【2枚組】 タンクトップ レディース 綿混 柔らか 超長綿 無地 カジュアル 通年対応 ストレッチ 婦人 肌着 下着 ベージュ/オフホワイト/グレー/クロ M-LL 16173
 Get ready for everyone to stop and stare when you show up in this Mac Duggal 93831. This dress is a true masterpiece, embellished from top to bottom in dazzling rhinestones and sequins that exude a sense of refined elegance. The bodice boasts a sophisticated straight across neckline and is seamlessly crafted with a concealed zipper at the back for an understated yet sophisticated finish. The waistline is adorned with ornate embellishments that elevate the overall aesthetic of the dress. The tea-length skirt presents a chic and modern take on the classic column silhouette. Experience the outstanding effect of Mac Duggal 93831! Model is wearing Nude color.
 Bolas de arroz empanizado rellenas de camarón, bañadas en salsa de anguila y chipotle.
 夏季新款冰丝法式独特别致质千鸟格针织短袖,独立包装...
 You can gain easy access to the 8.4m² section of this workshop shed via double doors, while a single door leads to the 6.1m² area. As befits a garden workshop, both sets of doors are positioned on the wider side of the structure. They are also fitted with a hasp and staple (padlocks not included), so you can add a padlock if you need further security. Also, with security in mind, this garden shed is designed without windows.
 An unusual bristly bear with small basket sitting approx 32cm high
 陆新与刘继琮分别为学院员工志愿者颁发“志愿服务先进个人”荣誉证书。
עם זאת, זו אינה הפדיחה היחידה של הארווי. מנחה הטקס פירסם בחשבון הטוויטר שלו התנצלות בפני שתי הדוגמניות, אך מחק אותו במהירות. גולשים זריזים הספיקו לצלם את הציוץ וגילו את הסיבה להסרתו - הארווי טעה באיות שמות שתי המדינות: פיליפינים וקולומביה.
----
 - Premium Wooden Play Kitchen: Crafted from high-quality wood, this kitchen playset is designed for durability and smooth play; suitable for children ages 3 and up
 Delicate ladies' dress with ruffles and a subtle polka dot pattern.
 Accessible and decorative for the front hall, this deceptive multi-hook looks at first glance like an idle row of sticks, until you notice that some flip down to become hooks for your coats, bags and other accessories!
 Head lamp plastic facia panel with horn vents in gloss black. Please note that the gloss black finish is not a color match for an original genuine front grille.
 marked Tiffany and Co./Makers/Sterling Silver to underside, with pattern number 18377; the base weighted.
----
## PROBLEM REQUIREMENTS
The lines to copy are those in the listing that contain "front".

## TASK ANSWER
 Accessible and decorative for the front hall, this deceptive multi-hook looks at first glance like an idle row of sticks, until you notice that some flip down to become hooks for your coats, bags and other accessories!
 Head lamp plastic facia panel with horn vents in gloss black. Please note that the gloss black finish is not a color match for an original genuine front grille.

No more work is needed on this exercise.